▶ **ACTIVITY**: A faithful copy of every entry is the goal; keep the images out of it.

-=-=-

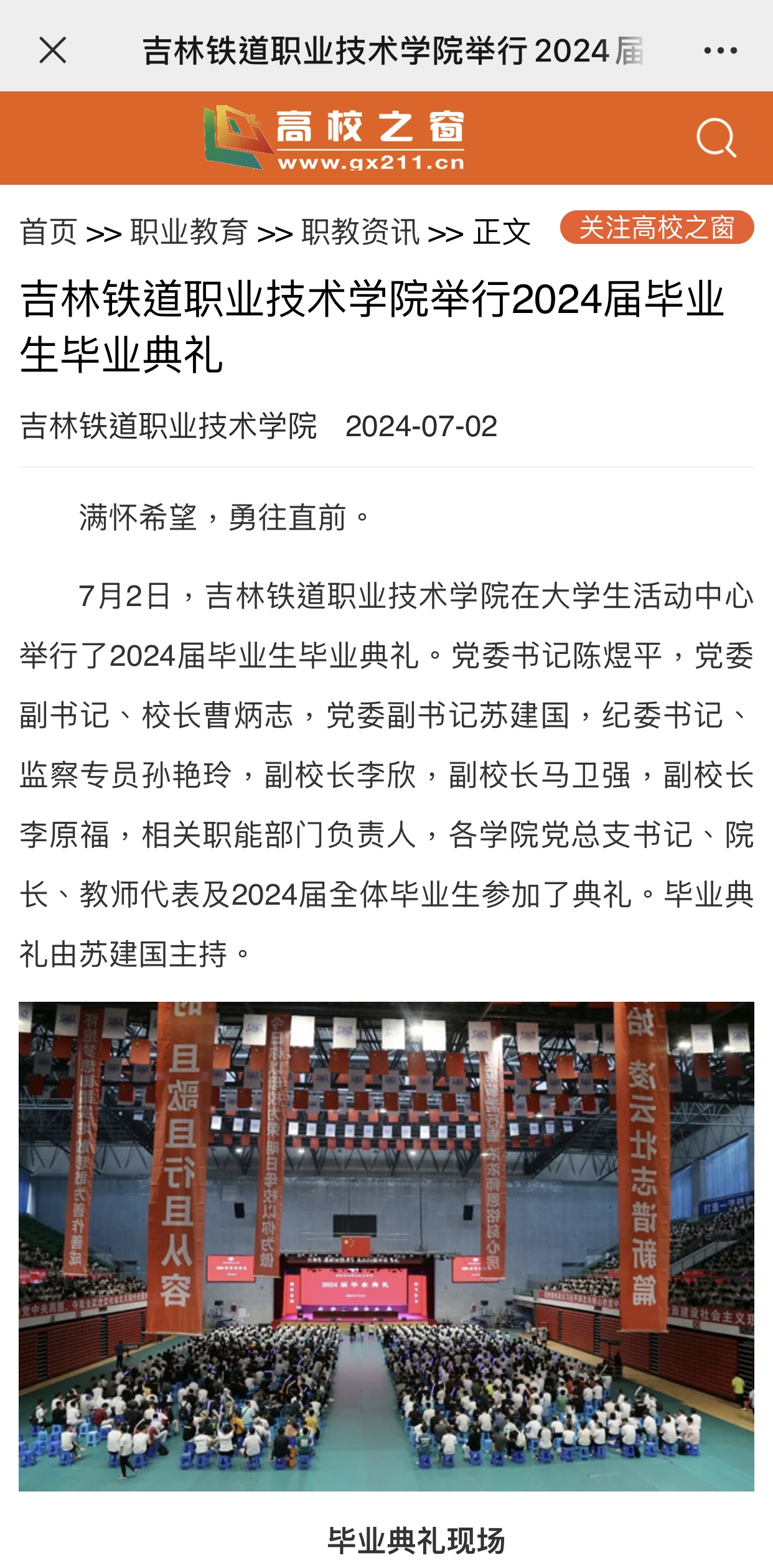 7月2日,【高校之窗】以“吉林铁道职业技术学院举行2024届毕业生毕业典礼”为题对我校进行了报道。
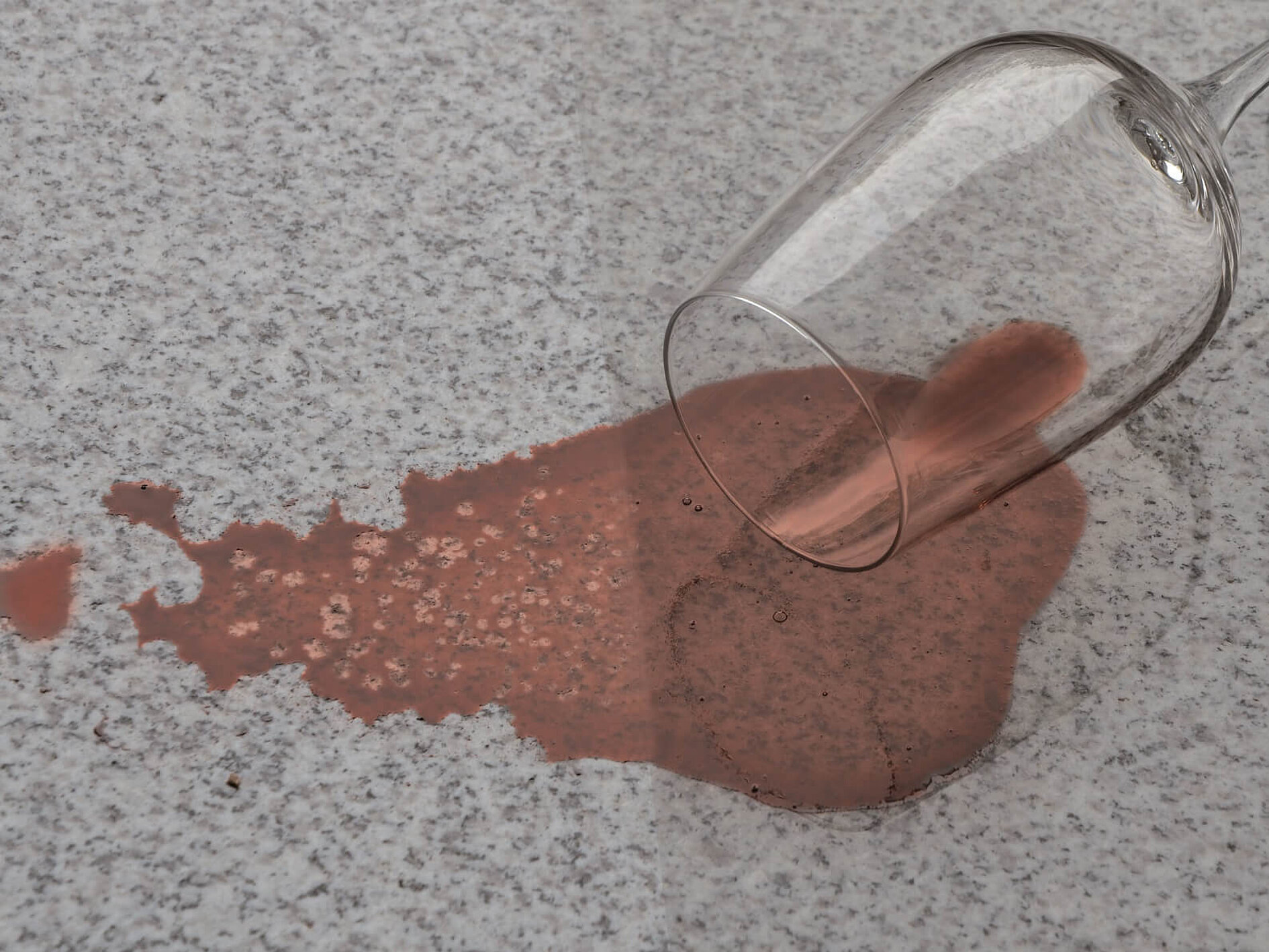 Rotwein lässt sich, wenn umgehend gehandelt wird, mit saugfähigen Papiertüchern selbst von einem unbehandelten Naturstein nahezu komplett aufnehmen. Wird jedoch das Missgeschick erst später bemerkt, ist der Rotwein in die Poren und Kapillaren eingezogen und unter Umständen bereits eingetrocknet. Die nicht flüchtigen Bestandteile des Weines, wie Gerbstoffe und Farbstoffe, haften an den Mineralien dann so stark, dass die Kraft des Wassers nicht mehr ausreichend ist. Insbesondere von ungeschützten Natursteinoberflächen lassen sich diese Flecken kaum noch mit klarem Wasser oder Spülmittelzusätzen entfernen.
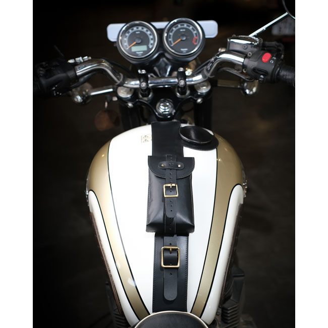 Elevate your ride with the Trip Machine Tank Strap; crafted from premium; durable leather that ages beautifully with every journey. Designed for a seamless vertical mount; it fits your tank perfectly while protecting it in style. Fully adjustable straps ensure a custom fit; and a precise fuel cap cutout adds functional elegance. The blend of smooth and waxed leather offers a rugged yet refined look; transforming your tank into a statement piece. Pair it with the Trip Machine utility pouch for secure storage on the bike and versatile use off it. Dimensions are about 63 x 6.5 cm.
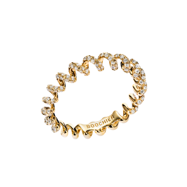 Boochier transforms a classic diamond band into something fluid, playful, and undeniably modern. The Slinkee Ring wraps the finger in sculptural movement, balancing soft curves with high shine diamonds for a look that feels effortless yet intentional.
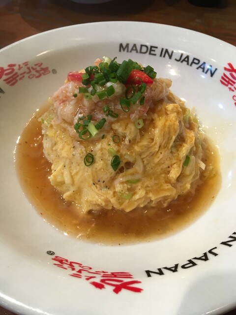 注文は半熟卵のカニチャーハンと肉の餃子です☆
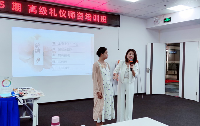 接著,龐老師教會學員如何運用穿衣技巧顯高顯瘦,揚長避短;職業禮儀培訓師如何塑造專業形象以及衣櫥管理等禮儀知識。
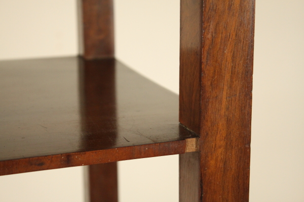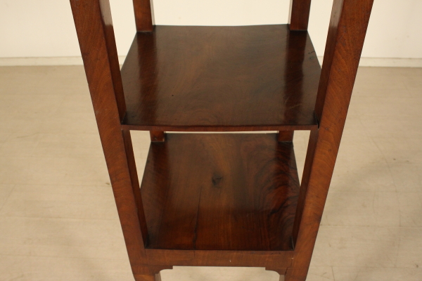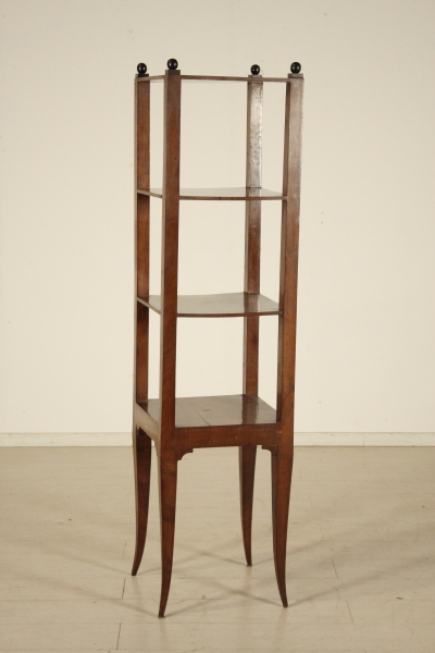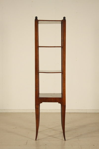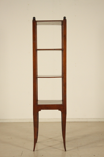 Biedermeier Etagere. Supported by uprights and Fruitwood accidentals ending at Sabre. Has four shelves in Walnut veined and four spheres ebanizzate to close the uprights.
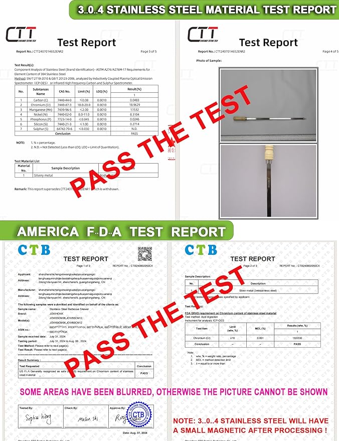 • 【304 STAINLESS STEEL HAVE WEAK MAGNETISM】304 stainless steel may have weak magnetism because during the processing and forging process of the product, a small amount of austenite is converted into martensite, so 304 stainless steel may have a little magnetism,which is a normal phenomenon.We have America F..D..A test report and 304 stainless steel material test report, you can buy and use securely.
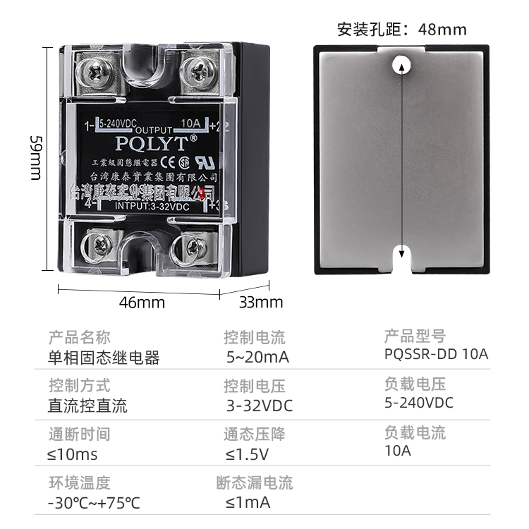 Kangtai Single Phase Solid State Relay 10a DC Controlled DC PQSSR-DD SSR-10DD220V Contactless
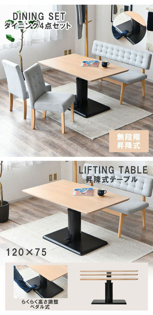 ダイニングセット 4点セット 昇降テーブル ベンチ チェア 昇降式テーブル 高さ調整 長方形 ダイニングテーブルセット 4人用 ベンチ 長椅子 背もたれ 2脚セット カフェテーブル(代引不可)
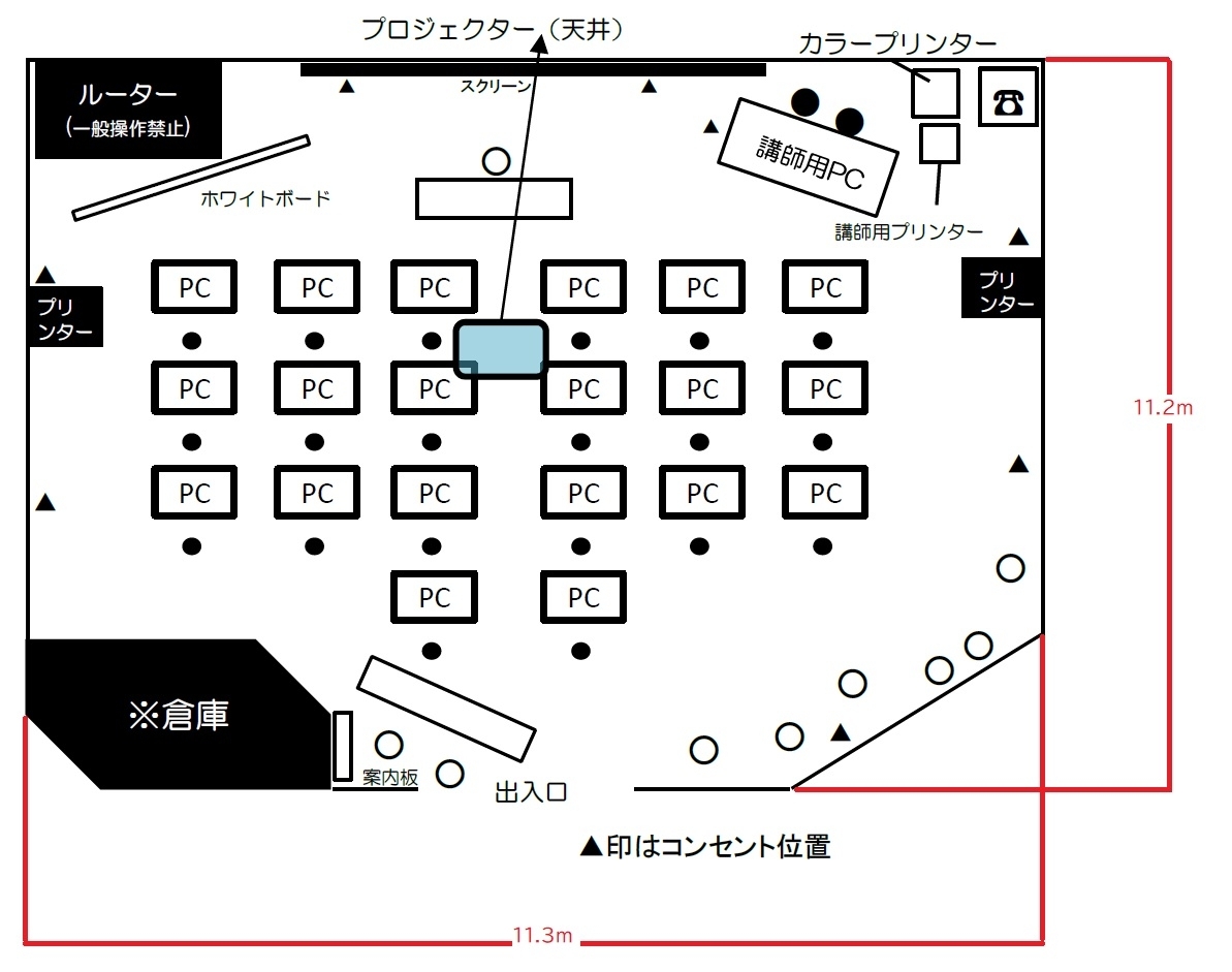 | 常設 | 机×11、椅子×32(予備3)、壁面ホワイトボード×1、スクリーン付ホワイトボード×1、案内板×1、プロジェクター台×1 |
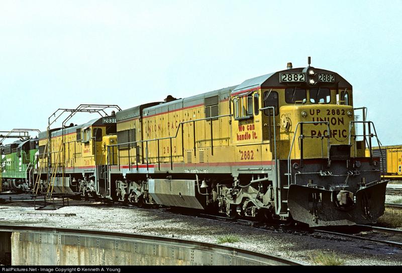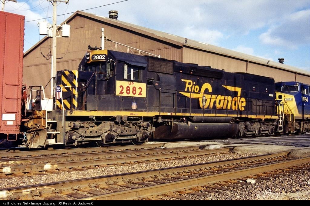 Zoals dat zo vaak gebeurde in de states: Een Rio Grande loc is overgenomen door Union Pacific en heeft met een "patch" een nieuw nummer gekregen (2882).
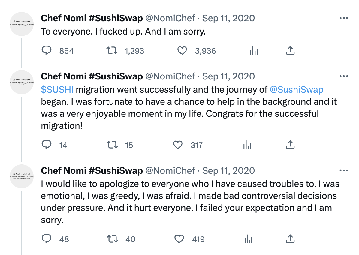 The saga took a dramatic turn when the founder of SushiSwap, Chef Nomi, was implicated in insider trading allegations. He had reportedly sold a large quantity of SUSHI tokens right after the platform’s launch. Like many other web3 projects, the SUSHI tokens were accessible to Chef Nomi before being released to the public, thus giving him an unfair advantage over other investors.
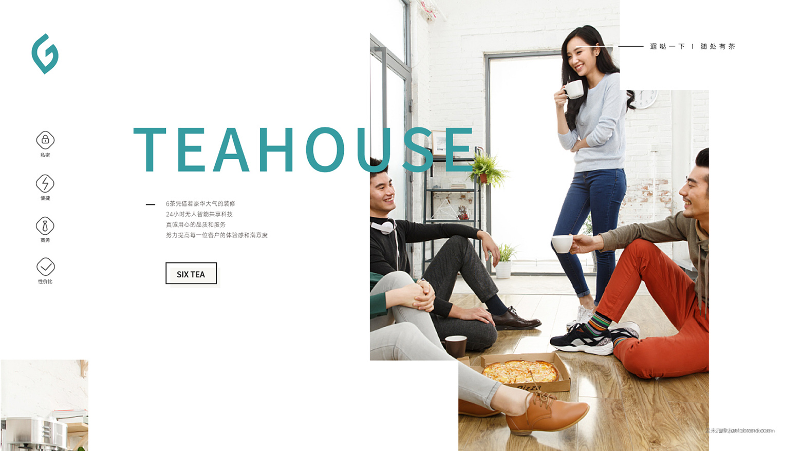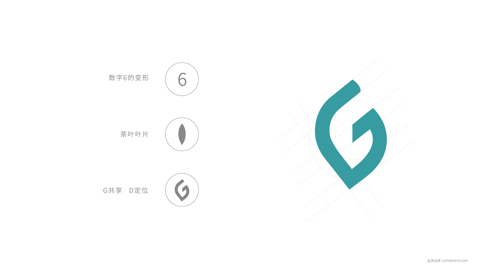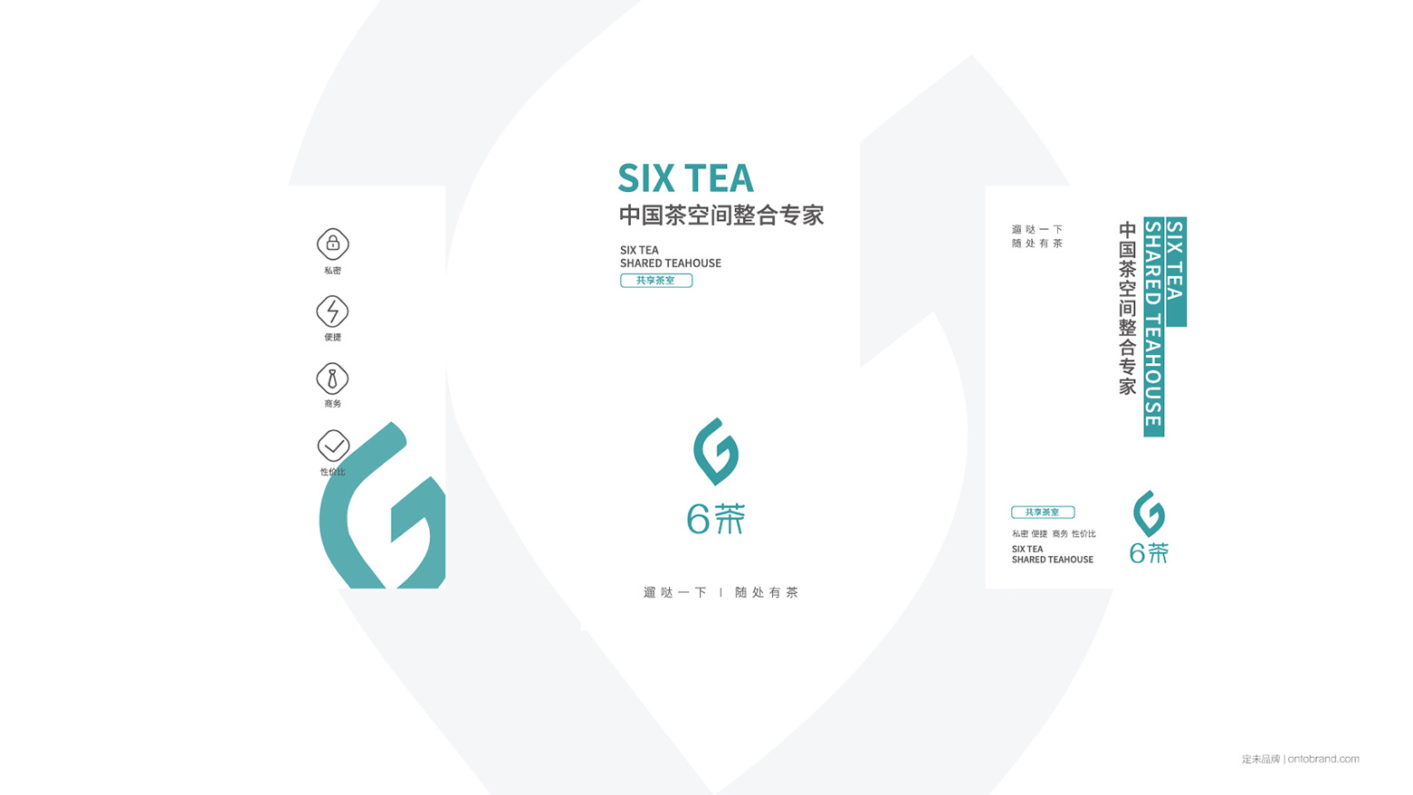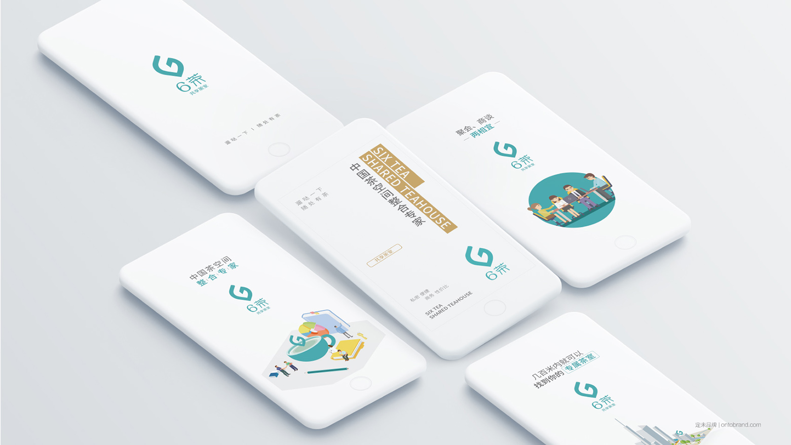 創意思路:整體形象采用新中式與互聯網屬性融合的風格,LOGO設計以品牌名稱“6”作為設計元素進行創作,6的形態含有茶葉、G(共享)、定位點的內涵,突出了6茶共享茶室的傳統+互聯網的行業屬性。
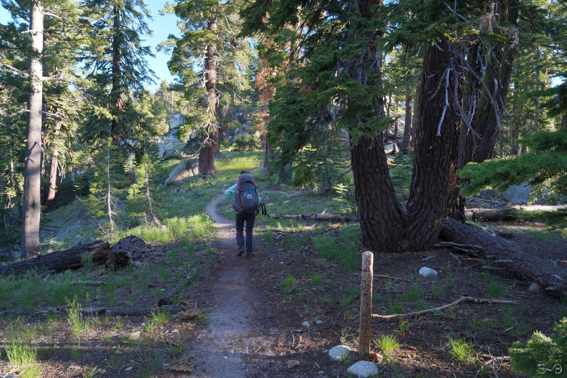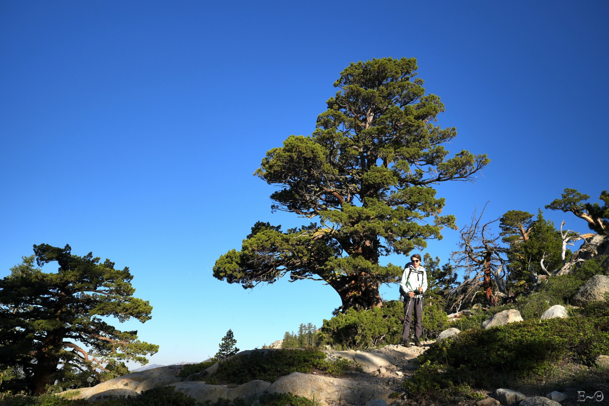 Après celui-ci nous grimpons en une longue diagonale vers Tryon Peak où nous passons une brèche sans nom. L’endroit est splendide et les vues sur Ebett et Highland Peak compensent ce que nous n’avons pas admiré ce matin. Nous filons rapidement vers ce qui sera la plus belle section de la journée, dans Nobble Canyon. Dans le verrou glaciaire, sous le lac éponyme, des dizaines de pins Brittlescone sont accrochés à la pente. Ils ressemblent à des bonsaïs géants, et sont parmi les arbres les plus graphiques qui soient.
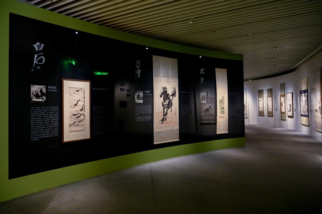 徐悲鸿笔下的“追风奔马”、齐白石画的的“游嬉青虾”、张大千的“彩墨山水”可谓是他们的标志性风格作品,家喻户晓。在展览开篇就以“对画”的形式展出了这三位大师极具代表性的作品,齐白石的《虾》、徐悲鸿的《奔马》以及张大千的《黄山》等经典作品在本次展览中齐聚。

-=-=-

▶ **OUTPUT FOR THIS EXERCISE**:
 7月2日,【高校之窗】以“吉林铁道职业技术学院举行2024届毕业生毕业典礼”为题对我校进行了报道。
 Rotwein lässt sich, wenn umgehend gehandelt wird, mit saugfähigen Papiertüchern selbst von einem unbehandelten Naturstein nahezu komplett aufnehmen. Wird jedoch das Missgeschick erst später bemerkt, ist der Rotwein in die Poren und Kapillaren eingezogen und unter Umständen bereits eingetrocknet. Die nicht flüchtigen Bestandteile des Weines, wie Gerbstoffe und Farbstoffe, haften an den Mineralien dann so stark, dass die Kraft des Wassers nicht mehr ausreichend ist. Insbesondere von ungeschützten Natursteinoberflächen lassen sich diese Flecken kaum noch mit klarem Wasser oder Spülmittelzusätzen entfernen.
 Elevate your ride with the Trip Machine Tank Strap; crafted from premium; durable leather that ages beautifully with every journey. Designed for a seamless vertical mount; it fits your tank perfectly while protecting it in style. Fully adjustable straps ensure a custom fit; and a precise fuel cap cutout adds functional elegance. The blend of smooth and waxed leather offers a rugged yet refined look; transforming your tank into a statement piece. Pair it with the Trip Machine utility pouch for secure storage on the bike and versatile use off it. Dimensions are about 63 x 6.5 cm.
 Boochier transforms a classic diamond band into something fluid, playful, and undeniably modern. The Slinkee Ring wraps the finger in sculptural movement, balancing soft curves with high shine diamonds for a look that feels effortless yet intentional.
 注文は半熟卵のカニチャーハンと肉の餃子です☆
 接著,龐老師教會學員如何運用穿衣技巧顯高顯瘦,揚長避短;職業禮儀培訓師如何塑造專業形象以及衣櫥管理等禮儀知識。
 Biedermeier Etagere. Supported by uprights and Fruitwood accidentals ending at Sabre. Has four shelves in Walnut veined and four spheres ebanizzate to close the uprights.
 • 【304 STAINLESS STEEL HAVE WEAK MAGNETISM】304 stainless steel may have weak magnetism because during the processing and forging process of the product, a small amount of austenite is converted into martensite, so 304 stainless steel may have a little magnetism,which is a normal phenomenon.We have America F..D..A test report and 304 stainless steel material test report, you can buy and use securely.
 Kangtai Single Phase Solid State Relay 10a DC Controlled DC PQSSR-DD SSR-10DD220V Contactless
 ダイニングセット 4点セット 昇降テーブル ベンチ チェア 昇降式テーブル 高さ調整 長方形 ダイニングテーブルセット 4人用 ベンチ 長椅子 背もたれ 2脚セット カフェテーブル(代引不可)
 | 常設 | 机×11、椅子×32(予備3)、壁面ホワイトボード×1、スクリーン付ホワイトボード×1、案内板×1、プロジェクター台×1 |
 Zoals dat zo vaak gebeurde in de states: Een Rio Grande loc is overgenomen door Union Pacific en heeft met een "patch" een nieuw nummer gekregen (2882).
 The saga took a dramatic turn when the founder of SushiSwap, Chef Nomi, was implicated in insider trading allegations. He had reportedly sold a large quantity of SUSHI tokens right after the platform’s launch. Like many other web3 projects, the SUSHI tokens were accessible to Chef Nomi before being released to the public, thus giving him an unfair advantage over other investors.
 創意思路:整體形象采用新中式與互聯網屬性融合的風格,LOGO設計以品牌名稱“6”作為設計元素進行創作,6的形態含有茶葉、G(共享)、定位點的內涵,突出了6茶共享茶室的傳統+互聯網的行業屬性。
 Après celui-ci nous grimpons en une longue diagonale vers Tryon Peak où nous passons une brèche sans nom. L’endroit est splendide et les vues sur Ebett et Highland Peak compensent ce que nous n’avons pas admiré ce matin. Nous filons rapidement vers ce qui sera la plus belle section de la journée, dans Nobble Canyon. Dans le verrou glaciaire, sous le lac éponyme, des dizaines de pins Brittlescone sont accrochés à la pente. Ils ressemblent à des bonsaïs géants, et sont parmi les arbres les plus graphiques qui soient.
 徐悲鸿笔下的“追风奔马”、齐白石画的的“游嬉青虾”、张大千的“彩墨山水”可谓是他们的标志性风格作品,家喻户晓。在展览开篇就以“对画”的形式展出了这三位大师极具代表性的作品,齐白石的《虾》、徐悲鸿的《奔马》以及张大千的《黄山》等经典作品在本次展览中齐聚。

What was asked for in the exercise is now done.